Optionally, after determining the target influencing condition according to the event root cause ordering, the method further comprises: displaying the target influence condition for the user to select; taking the target influence condition selected by the user as a screened target influence condition; determining root cause scores corresponding to the alarm root causes according to target influence conditions, wherein the method comprises the following steps: and determining root cause scores corresponding to the alarm root causes according to the screened target influence conditions.
Optionally, root cause recommendation is performed according to each root cause score, including: sequencing the alarm root causes according to the sequence of the root cause scores from high to low to generate a root cause sequencing list; and selecting the alarm root causes with specified quantity from the root cause sequencing list to conduct root cause recommendation.
According to the technical scheme, the acquired alarm data samples are displayed to the user to acquire the event root cause sequencing, and the corresponding target influence conditions of each alarm root cause can be determined according to the event root cause sequencing, so that the root cause recommendation accuracy is ensured. And finally, root cause recommendation is carried out by determining root cause scores corresponding to the alarm root causes, and true root causes of abnormal problems are rapidly positioned by multi-dimensional input and manual selection, so that the workload of operation and maintenance personnel is reduced, and the working efficiency is improved.
Example III
Fig. 3 is a schematic structural diagram of an alarm event root cause recommending apparatus according to a third embodiment of the present invention. As shown in fig. 3, the apparatus includes:
An event root cause sequencing obtaining module 310, configured to obtain an alarm data sample, and obtain an event root cause sequencing based on the alarm data sample, where the alarm data sample includes standard alarm data and a corresponding alarm root cause;
the target influence condition determining module 320 is configured to determine, according to the event root order, a target influence condition corresponding to each alarm root;
And the root score calculating and recommending module 330 is configured to determine root scores corresponding to the alarm root according to the target influencing conditions, and recommend root according to the root scores.
Optionally, the event root cause ordering obtaining module 310 specifically includes: an alarm data sample acquisition unit configured to: collecting historical alarm events through a data aggregation platform, wherein the historical alarm events comprise historical alarm data and corresponding alarm root causes; performing specified format conversion on the historical alarm data to generate standard alarm data; and generating an alarm data sample according to the corresponding relation between the standard alarm data and the alarm root cause.
Optionally, the event root cause ordering obtaining module 310 specifically includes: the event root cause sequencing acquisition unit is used for acquiring a target time range input by a user and determining a time stamp corresponding to each alarm data sample; screening each time stamp according to the target time range to obtain a target data sample corresponding to the target time range; and acquiring event root cause sequencing input by a user based on the target data sample, wherein the event root cause sequencing is alarm root cause sequencing corresponding to each standard alarm data.
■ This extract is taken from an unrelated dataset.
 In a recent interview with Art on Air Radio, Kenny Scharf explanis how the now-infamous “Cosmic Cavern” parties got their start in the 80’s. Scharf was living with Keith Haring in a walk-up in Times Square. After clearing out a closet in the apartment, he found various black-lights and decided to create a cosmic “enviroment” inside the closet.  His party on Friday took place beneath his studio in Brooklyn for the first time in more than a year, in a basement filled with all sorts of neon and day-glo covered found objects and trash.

Optionally, the target influence condition determining module 320 is configured to: acquiring influence conditions, wherein the influence conditions comprise occurrence time, event grade, history frequency, key characters, event sources, belonging levels and alarm time periods; sequentially matching the alarm root causes corresponding to the standard alarm data with the influence conditions to determine root cause influence conditions corresponding to the alarm root causes; determining the frequency and the frequency of each root cause affecting the condition; and when the frequency and the frequency meet the preset threshold, taking the root cause influence condition as a target influence condition.
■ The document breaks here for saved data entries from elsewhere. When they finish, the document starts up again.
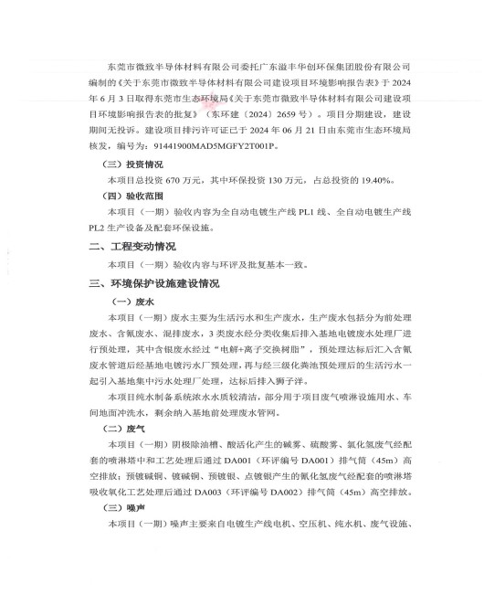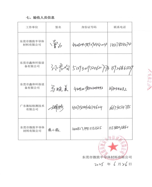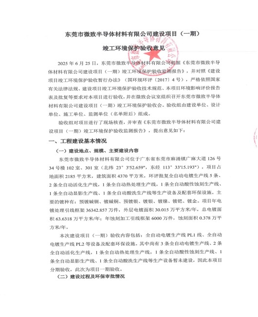 東莞市微致半導(dǎo)體材料有限公司(一期)驗(yàn)收意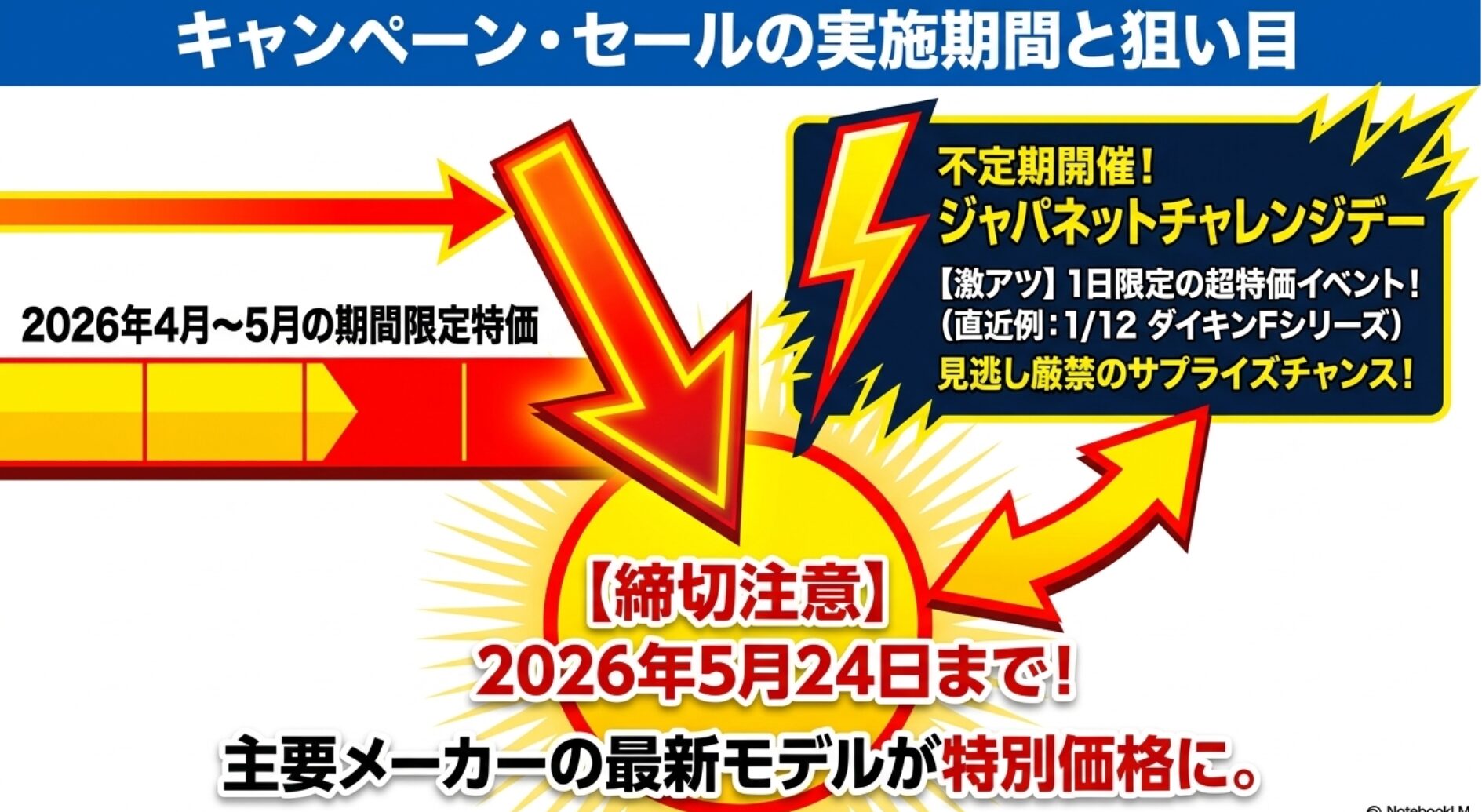 直近では2026年1月12日にダイキンのFシリーズが対象となりました。 こうした「1日限り」のイベントは見逃せません。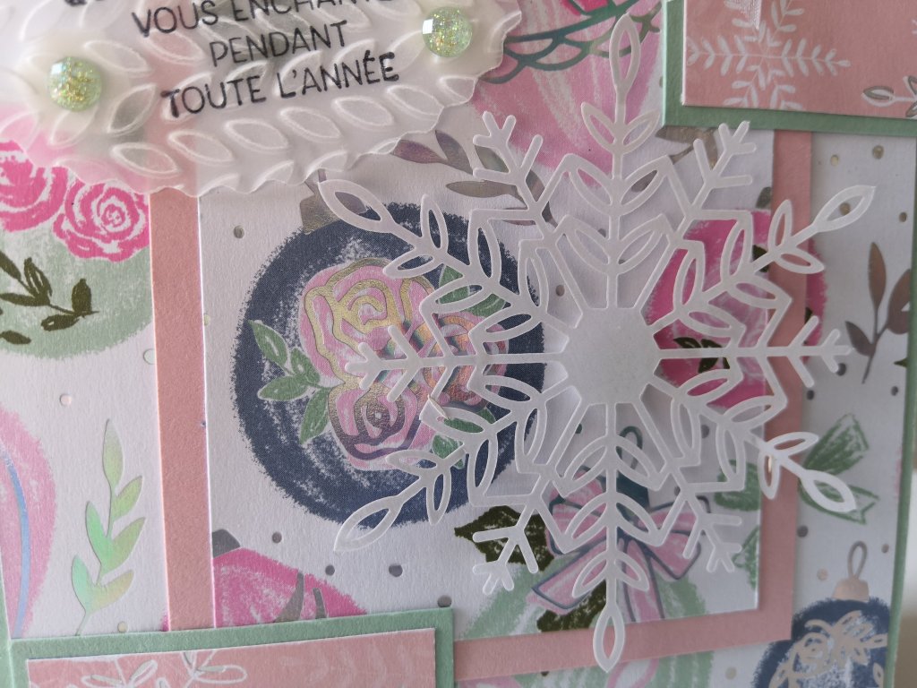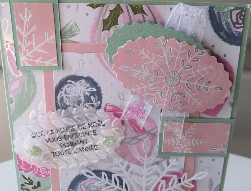 Aujourd’hui, je vous présente une jolie carte créé avec le papier design « Splendide Fantaisie » du mini-catalogue juillet-décembre 2021.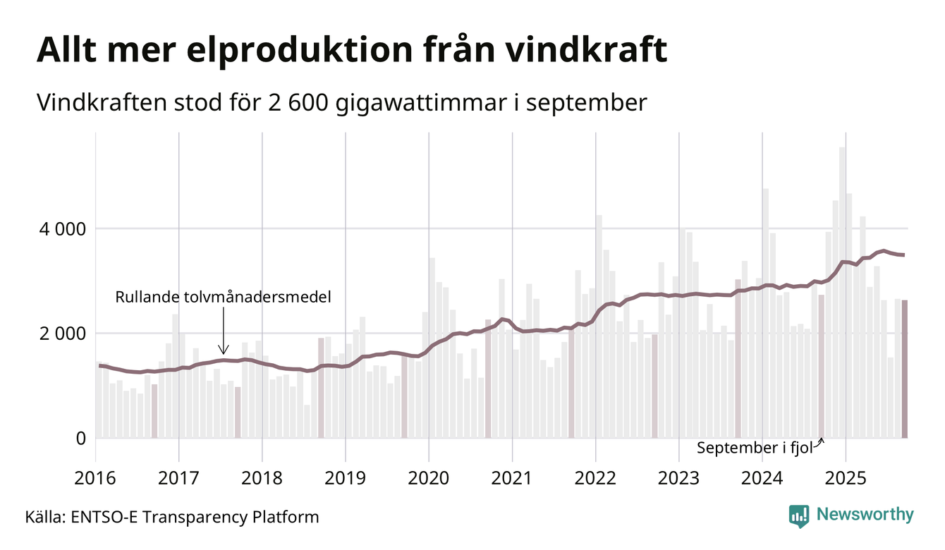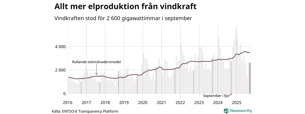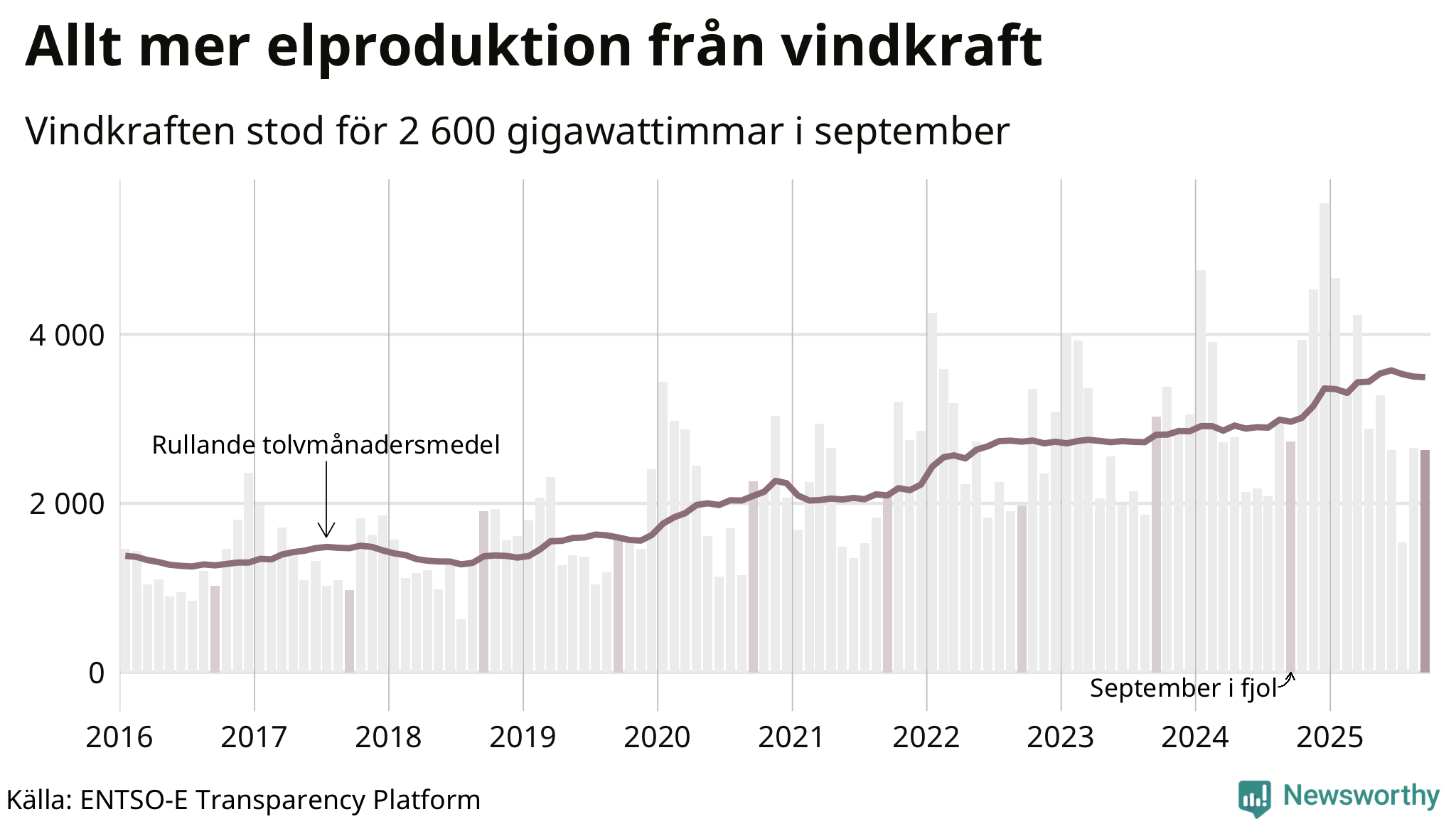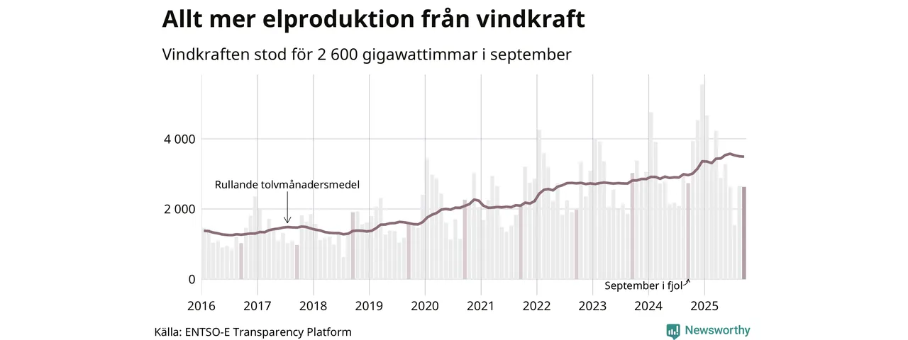 Vindkraften stod alltså för cirka 24 procent av elproduktionen i september. Det motsvarar ungefär 2 600 gigawattimmar, vilket är i nivå med samma månad i fjol. Det är den minsta vindkraftproduktionen under en septembermånad sedan 2022. Sett till de senaste tolv månaderna har däremot vindkraftens produktion ökat jämfört med året innan (+18 procent). Jämfört med för fem år sedan har snittproduktionen från vindkraft ökat med nära 70 procent.

Optionally, the root cause score calculating and recommending module 330 specifically includes: root cause score determining unit for: acquiring weights set by a user based on target influence conditions; the weight is input into a preset algorithm to calculate root cause scores corresponding to the alarm root causes.
Optionally, the apparatus further comprises: the root cause screening module is used for displaying the target influence conditions for the user to select after determining the target influence conditions according to the event root cause sequencing; taking the target influence condition selected by the user as a screened target influence condition; determining root cause scores corresponding to the alarm root causes according to target influence conditions, wherein the method comprises the following steps: and determining root cause scores corresponding to the alarm root causes according to the screened target influence conditions.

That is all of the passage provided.